Based on the controversy Activision blizzard harassment case And from Request for the resignation of CEO Bobby Kodik, The Wall Street Journal hosted a podcast on the company’s delay in taking action against an employee who signed emails with sexually provocative phrases.
In describing this unfortunate fact, the reporter Kirsten Grind It was considered appropriate to underline that Luxury and “brotherhood” culture Activision has permeated the overall corporate and work cloth of the blizzard, normalizing the operations carried out by those who have no qualms about covering every one of his emails pornographically, like the employee now mentioned. “1-800-Alcock”.
The case cited by Grind falls within the category of investigative reports California authorities To expose all possible misconduct and cover-ups that the top units of Activision Blizzard may have committed over the years. According to a WSJ reporter, “An Activision employee has signed her corporate emails as 1-800-ALLCOCK for years. Does it seem normal for every female employee to be compelled to receive such emails and be subjected to these behaviors?.
Based on the restructuring of events provided by the Wall Street Journal reporter, Activision’s top management may have decided to take action against this employee.
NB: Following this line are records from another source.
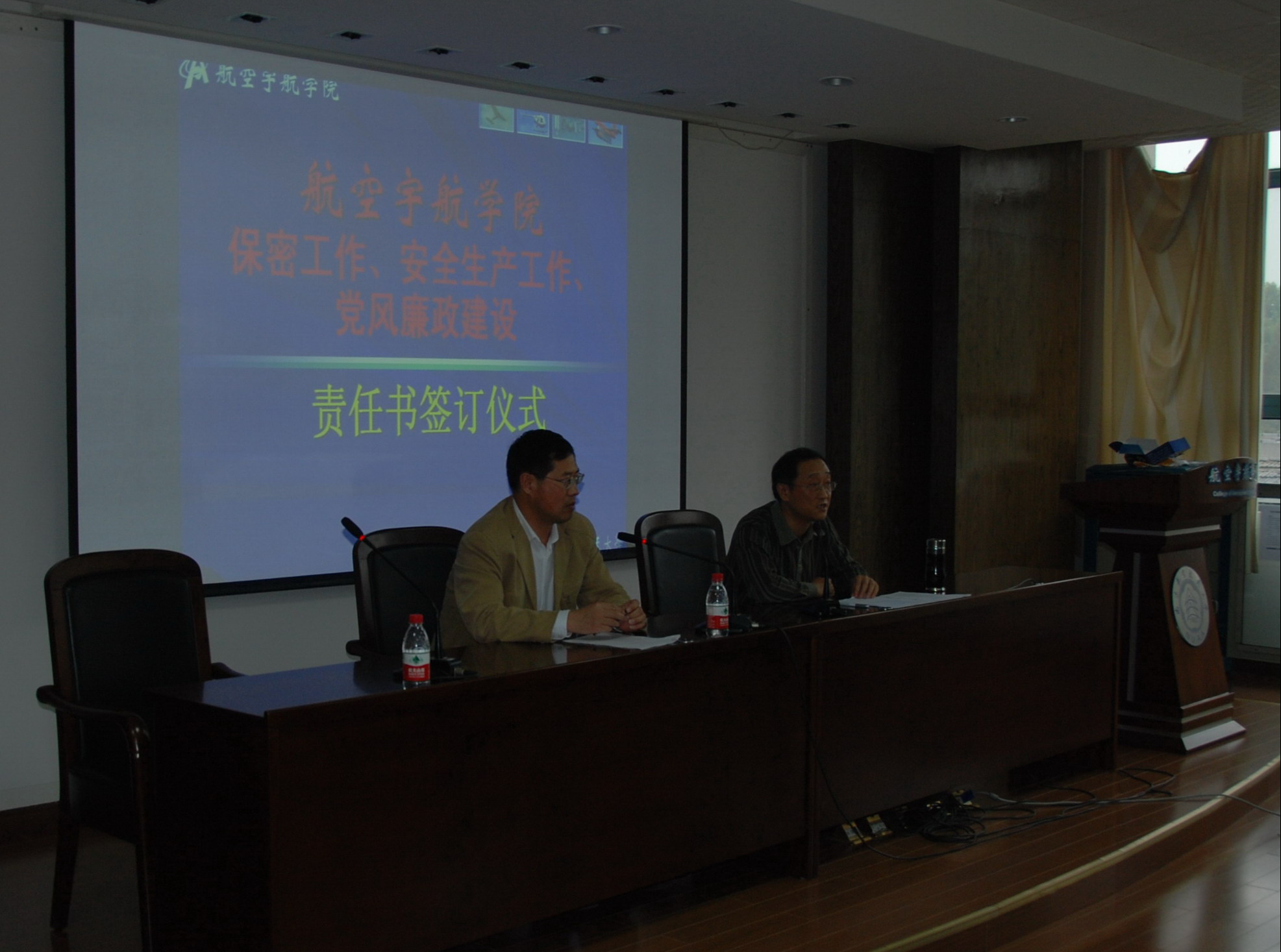 接着,经理赵宁教授宣读了《航空宇航公司保密工作、安全生产、党风廉政建设责任书》内容,李明成书记与赵宁经理代表公司党政领导与系所班子负责人签订了责任书。
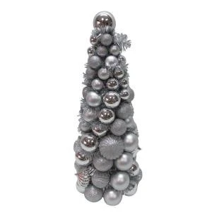 - Tree-shaped silver ball tabletop decoration measures 18 in. H x 7-1/4 in. W
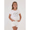 Original set de dos piezas para niña de 10 a 18 años. Prenda ECOFRIENDS, contiene algodón sostenible. Pantalón de tipo short. Cierre con un único botón. Bolsillos funcionales en el delantero y en la parte trasera de la prenda. Cinturón ajustable.
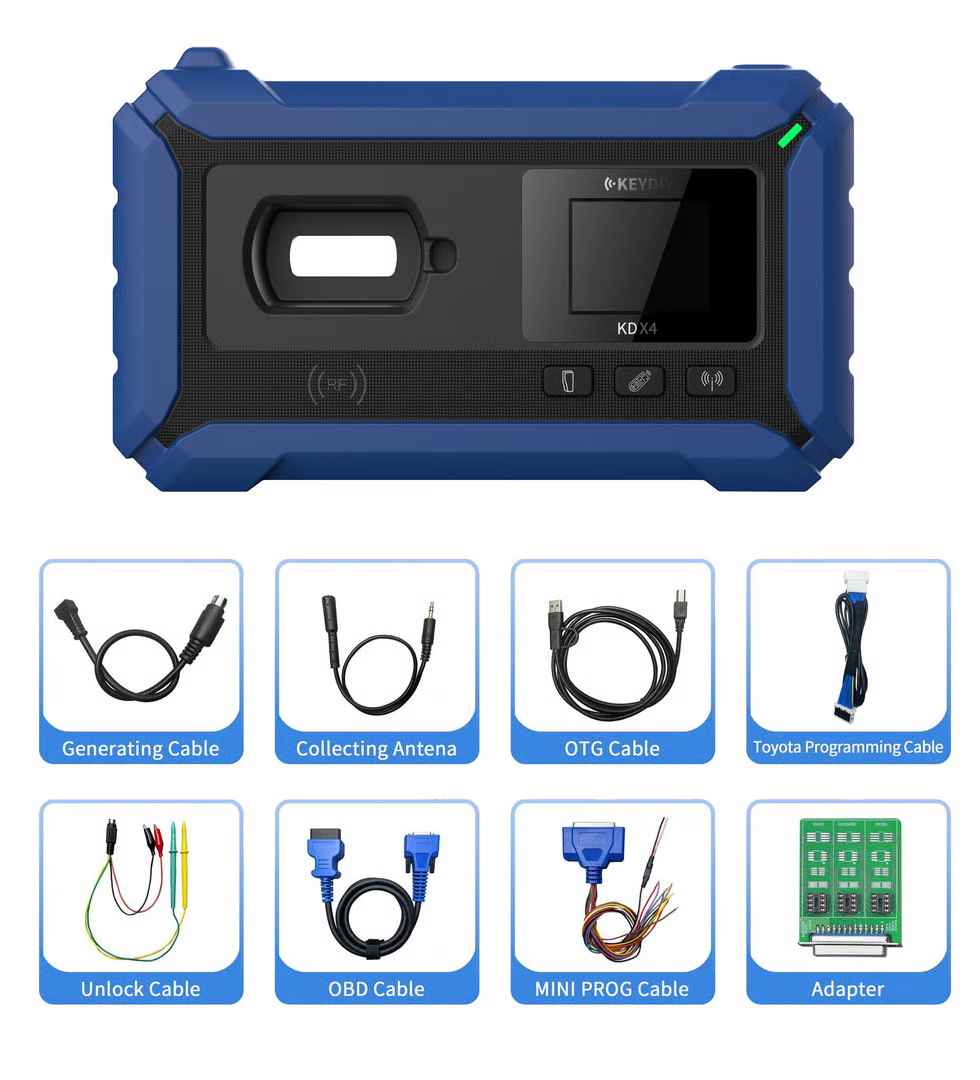 The KEYDIY KD-X4 box contains the KD-X4 device, OBD main cable, USB cable, Toyota adapter cable, programmer adapter board, programmer wiring cable, remote control burning cable, key unlocking cable, and an external acquisition antenna.

Only from this summer, After receiving a Claim And followed an internal investigation which lasted about a month until it reached him Final dismissal.
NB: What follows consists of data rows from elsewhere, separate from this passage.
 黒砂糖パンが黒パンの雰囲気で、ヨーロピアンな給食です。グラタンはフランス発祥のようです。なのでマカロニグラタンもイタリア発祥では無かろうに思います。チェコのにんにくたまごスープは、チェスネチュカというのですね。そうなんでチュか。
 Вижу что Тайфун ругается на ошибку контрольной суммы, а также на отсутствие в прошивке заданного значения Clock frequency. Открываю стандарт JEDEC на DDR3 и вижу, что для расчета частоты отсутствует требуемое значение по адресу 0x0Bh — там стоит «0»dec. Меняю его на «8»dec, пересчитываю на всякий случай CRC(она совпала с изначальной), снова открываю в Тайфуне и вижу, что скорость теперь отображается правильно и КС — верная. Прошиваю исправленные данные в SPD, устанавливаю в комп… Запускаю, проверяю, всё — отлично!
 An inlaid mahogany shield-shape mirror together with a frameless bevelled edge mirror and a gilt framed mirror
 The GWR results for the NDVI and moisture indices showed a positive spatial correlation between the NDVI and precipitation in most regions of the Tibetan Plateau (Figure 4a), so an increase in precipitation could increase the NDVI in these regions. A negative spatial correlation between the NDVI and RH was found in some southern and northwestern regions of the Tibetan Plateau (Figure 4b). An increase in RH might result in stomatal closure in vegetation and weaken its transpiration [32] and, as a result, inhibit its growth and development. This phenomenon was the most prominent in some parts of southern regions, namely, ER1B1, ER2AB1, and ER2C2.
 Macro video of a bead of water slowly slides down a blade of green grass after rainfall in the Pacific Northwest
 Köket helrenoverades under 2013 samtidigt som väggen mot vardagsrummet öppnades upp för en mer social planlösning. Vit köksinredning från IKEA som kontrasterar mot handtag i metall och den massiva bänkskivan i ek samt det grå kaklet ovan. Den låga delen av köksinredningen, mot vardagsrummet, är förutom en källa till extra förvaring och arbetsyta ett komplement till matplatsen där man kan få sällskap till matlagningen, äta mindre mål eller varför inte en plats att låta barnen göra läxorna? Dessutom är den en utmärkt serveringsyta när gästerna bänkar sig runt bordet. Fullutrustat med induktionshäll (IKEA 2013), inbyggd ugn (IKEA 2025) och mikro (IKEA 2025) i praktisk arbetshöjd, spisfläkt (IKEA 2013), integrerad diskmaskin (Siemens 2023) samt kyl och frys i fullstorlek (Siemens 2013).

Activision Blizzard Liaison Officer, Helen Claski, Spoke with Kodak’s microphones to underline how “Our team started an investigation into a complaint regarding the use of this phone number and dismissed the employee at the end of the investigation.”. However, there has been no confirmation or denial of the WSJ’s author’s statement in the years required to take action against this anonymous employee from the Activision blizzard representative.